AfriForum Youth: the blackface protest against white exclusion

The message that the AfriForum Youth delivered to the department of higher education and training was erudite enough: make more space available at the veterinary faculty of the University of Pretoria so that academically gifted white students aren’t left out in favour of black students. What wasn’t as clear is why they chose to protest using “blackface”. By SIPHO HLONGWANE.

The message that a handful of AfriForum Youth protesters delivered to the department of higher education and training (DHET) offices in Pretoria on Monday morning was rather clear: the University of Pretoria’s Veterinary Science Faculty did not accept 30 highly distinguished applicants on the basis of their race. This is because the DHET, which partially funds the faculty, has decreed that the university has to reflect national demographics, which means that white students, who could have otherwise get in on their academic record, got excluded.

And it isn’t like the excluded students can just go study somewhere else either. The faculty at UP is the only one of its kind in the country.

There were 11 AfriForum Youth protesters in total, including two students who are among those who didn’t make it into the faculty and a parent.

AfriForum Youth wants the DHET to “address the shortage of veterinary surgeons in the country” as its uppermost concern. They propose that the department increase funding to the university so that it can accept more students.

Speaking outside the DHET building in Pretoria, Charl Oberholzer, the AfriForum Youth chairman, said, “We want the minister to look at the solutions we gave him today. The solution is to make more money available to make the veterinary science department bigger, to allow more people access to veterinary science, and to give young students the right to choose their careers.

“Or secondly, to allow these students who may have enrolled in something else to study veterinary sciences next year. The department must provide funding for veterinary sciences irrespective of who enrols there,” Oberholzer said.

The memorandum was accepted by Diane Parker, the acting deputy director-general for universities, on behalf of the minister.

According to information obtained from the university via a Promotion of Access to Information Act request, the faculty splits student applications into “designated groups” and “white students”. Of the 140 applicants that would be accepted, only 22 would come from the white group. This, said Oberholzer, is racial categorisation and means that it will not be the 140 best applicants who will make it into the faculty. The AfriForum Youth leader conceded that the faculty itself acknowledged that it was in a difficult position, but this was because this was the condition for accepting the department’s earmarked funding.

Oberholzer is a master’s in communications student at the university, and is locked in a separate dispute with the university over the results of last year’s students’ representative council elections. He has served in previous years as the president of the SRC at the UP.

The AfriForum Youth leader indicated that he was well aware of how controversial using blackface (a practice that has its origins in 19th century vaudeville theatre, where a white actor would play a grotesque caricature of blacks, while covered in black paint) in this protest would be. He said they did it because white students who were excluded from the veterinary science faculty felt that the policy dished out an experience to white students that can be equated to what blacks feel about blackface.
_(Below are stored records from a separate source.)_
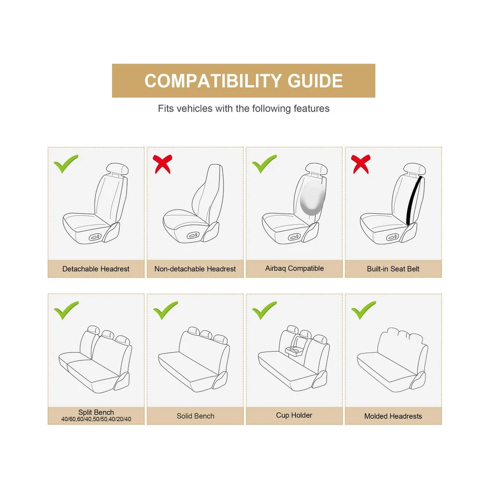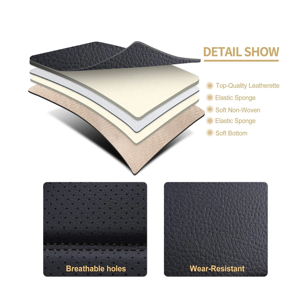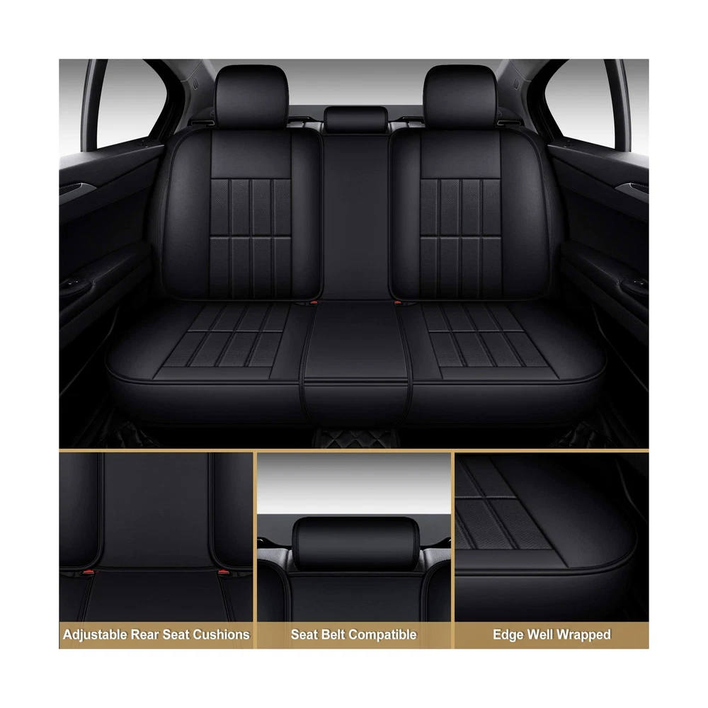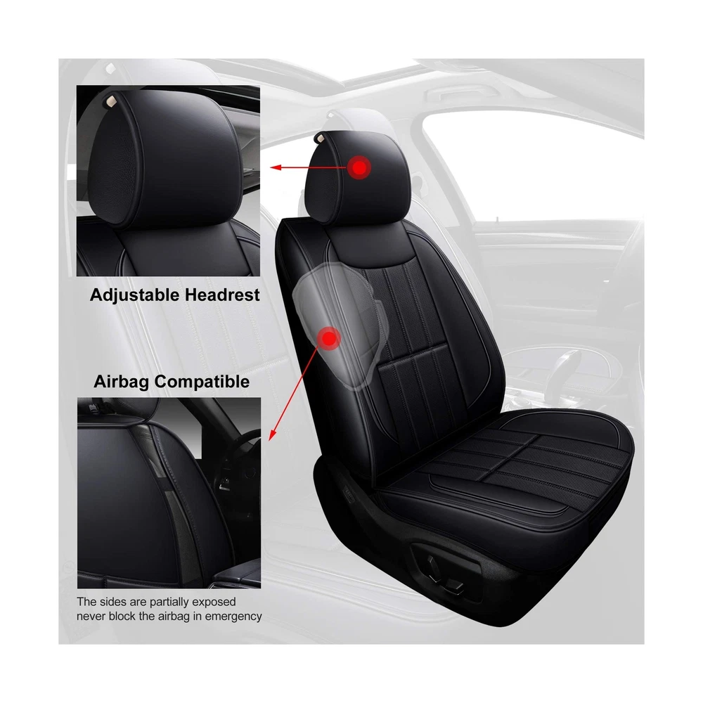 AOOG Leather/ Leatherette Automotive Seat Covers for Cars SUV Pick-up Truck, Universal Non-Slip Vehicle Cushion Cover Waterproof Protectors Interior Accessories, Full Set. Description Features: HIGH-QUALITY MATERIAL: High-Grade Leatherette materials Protect the original car seat from damage, Durable Wear-Resistant Waterproof Easy to Clean. Equipped with thick, premium High-Density Foam to create top resilience for maximum comfort during your drive. PROTECTS & LUXURIOUS: These are the perfect seat covers for your car. Our seat covers offer protection against spills and stains that might occur inside of your vehicle. High-quality artificial leather and excellent appearance design, also refreshing the look of your interior. STYLE DESIGN: Our universal fit seat covers with a unique visual design that is fully compatible with any built-in airbags. The anchor attached to the elastic strap can also provide firm reinforcement. EASY TO INSTALL: For your convenience, installation instructions are included in the product package, and we also provide product installation videos. Just follow the installation instructions, it usually takes 10-20 minutes to complete the installation. UNIVERSAL FIT: Our seat covers are designed to fit most vehicles, including cars, trucks, vans and SUVs. If you are not sure whether the vehicle is suitable for you, please contact us in time. Our customer service team will always online to assist you. Product Details: Fit Type: Universal Fit Brand: AOOG Color: BLACK UPC Manufacturer: AOOG Manufacturer: AOOG Brand: AOOG Item Weight: 14.02 pounds Package Dimensions: 25.5 x 21.25 x 6.5 inches Item model number: AOOG-A101 Manufacturer Part Number: AOOG-A101 Date First Available: December 22, 2020 Delivery We Do Not Ship Outside of the Continental US. Return Policy All items qualify for returns within 30 days of receipt. Buyer is responsible for return shipping on any item that is not damaged. Feedback We take our reputation seriously, we buy and sell online, so we understand the value of trust. If you are unsatisfied with your order, please contact us and we will work with you to resolve it to your satisfaction.
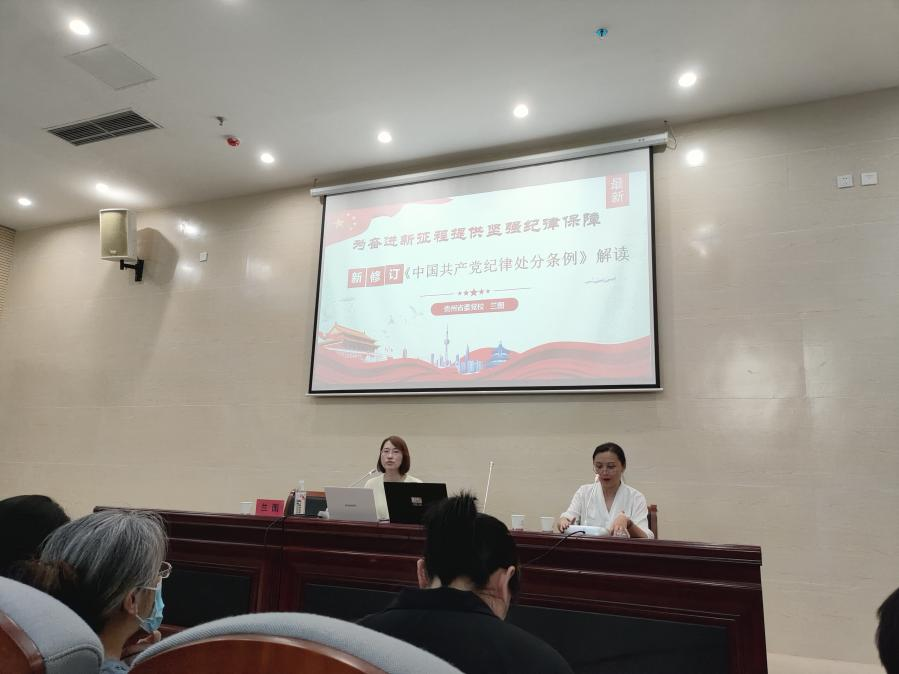 为扎实推进党纪学习教育走深走实,进一步提升党员遵纪守法、廉洁自律意识、纪律意识和规矩意识,7月10日下午,贵州省委党校兰图教授在谈球吧南校区行政楼第一报告厅开展题为《为奋进新征程提供坚强纪律保障》的专题辅导报告。报告会由建筑工程公司党委书记何璘主持,谈球吧官方网站、传媒公司、材料公司全体党员师生参加学习。
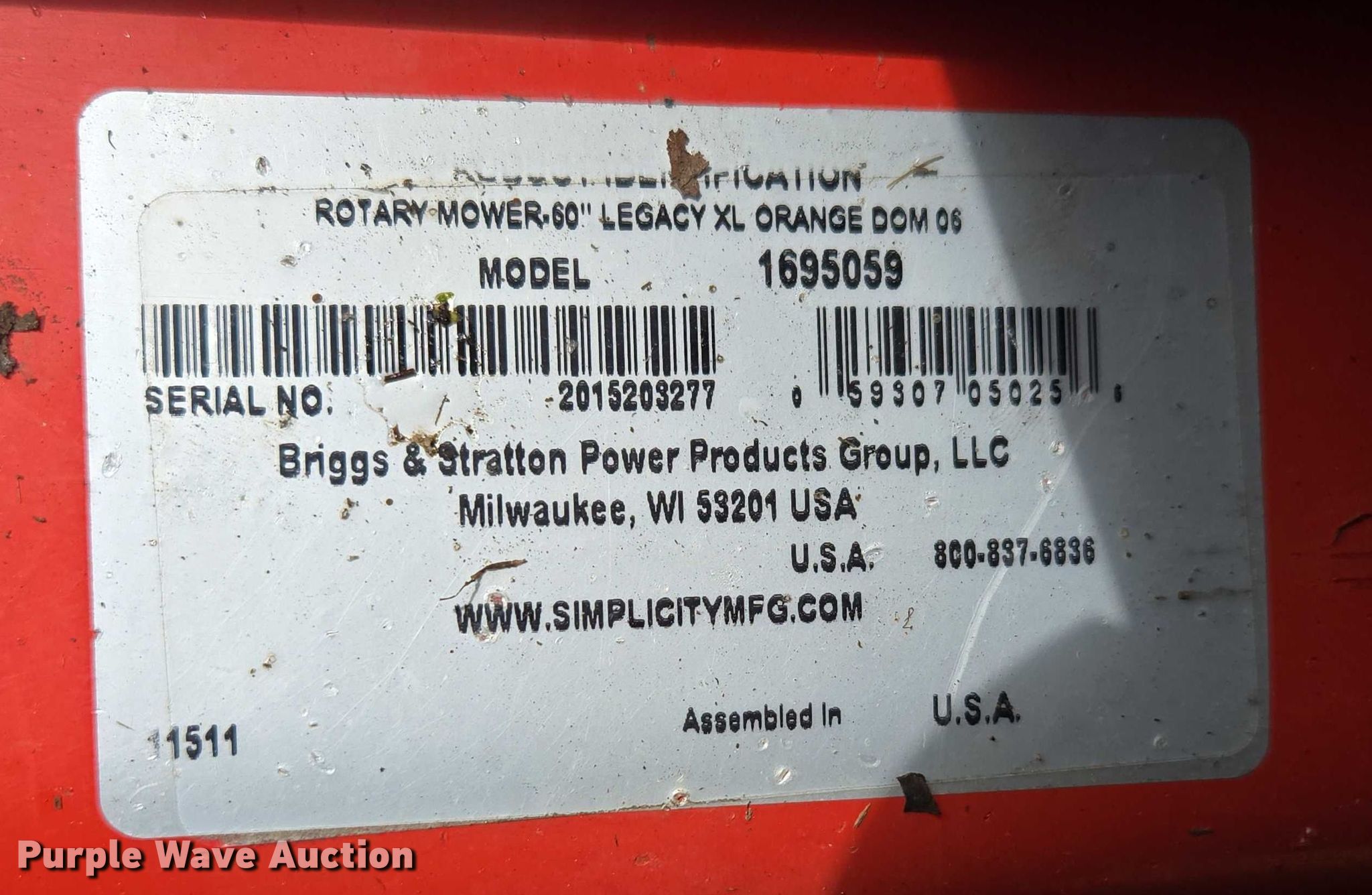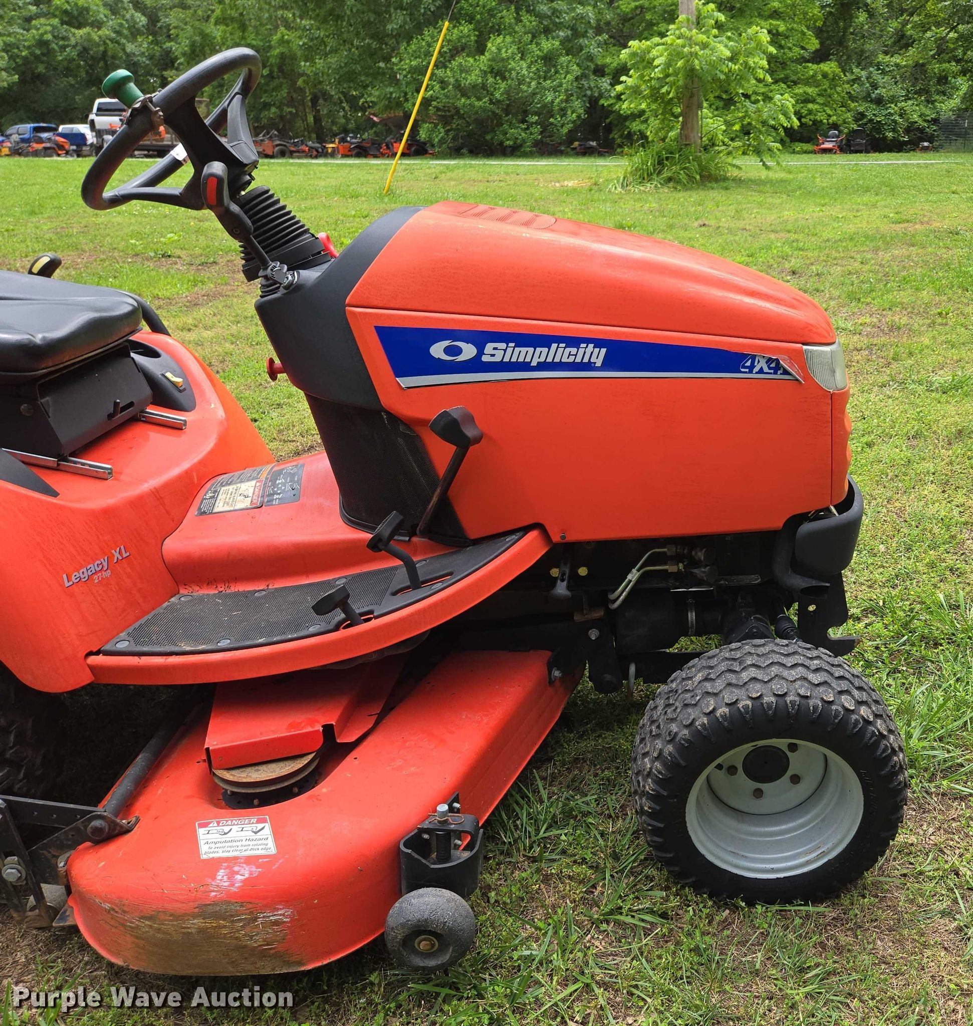 Purple Wave is selling a used Lawn Mower in Missouri. This item is a Simplicity Legacy XL lawn mower with the following: Hours: 1,275 on meter, Cutting width: 60", Serial: 00519
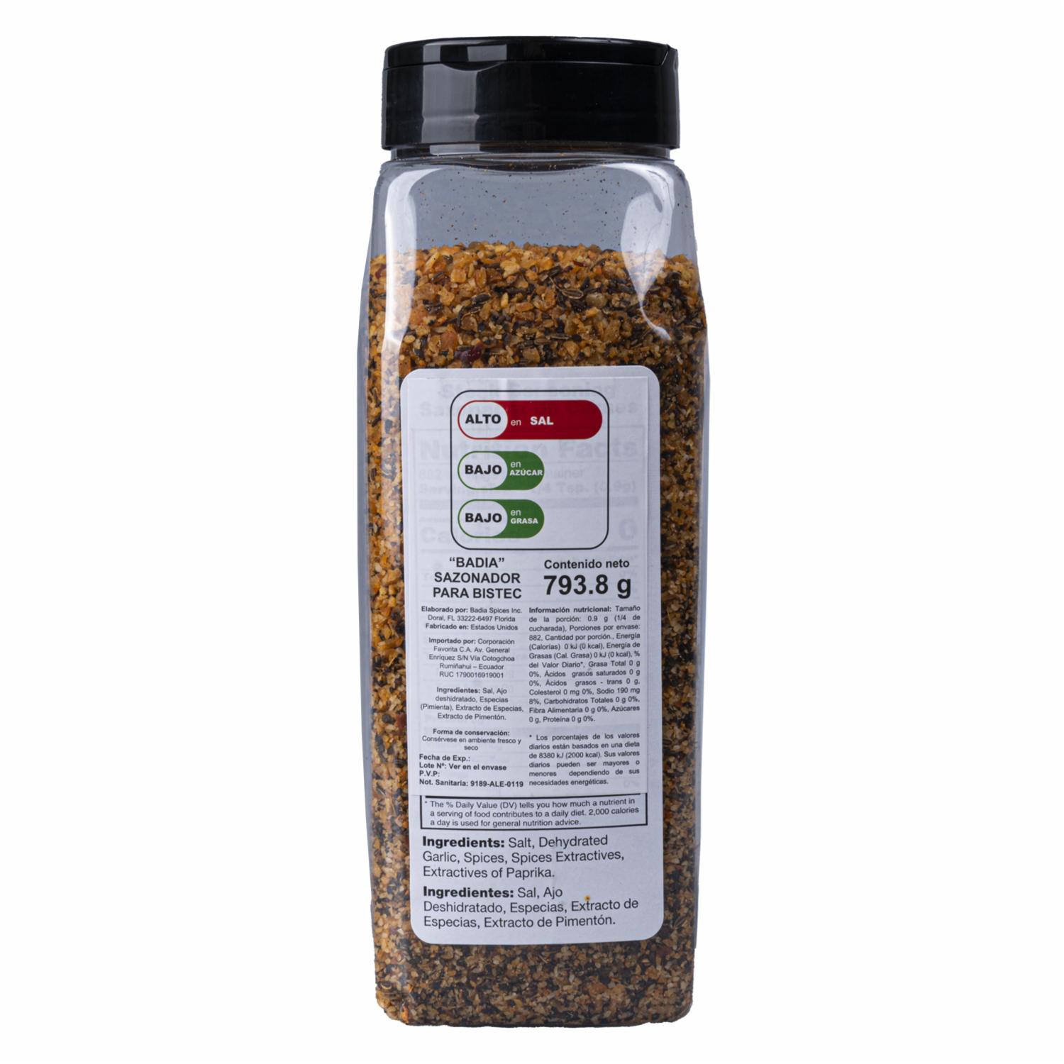 Sazonador Para Bistec BADIA 794 g – BADIA. Disponible en nuestros locales. Precio y stock pueden variar según la tienda.

Oberholzer said, “The message we do want send is that painting ourselves black simply means how ridiculous it is to put so much emphasis on the colour of our skin. It is very controversial today to paint yourself [sic] another colour, but that is exactly how controversial the policy is. And students who apply to the faculty, that is exactly how they experience the policy.”

AfriForum Youth will also raise the issue with the United Nations Educational, Scientific and Cultural Organisation (Unesco).

Oberholzer said that he and his organisation had nothing against transformation, it was the use of quotas that they had beef with.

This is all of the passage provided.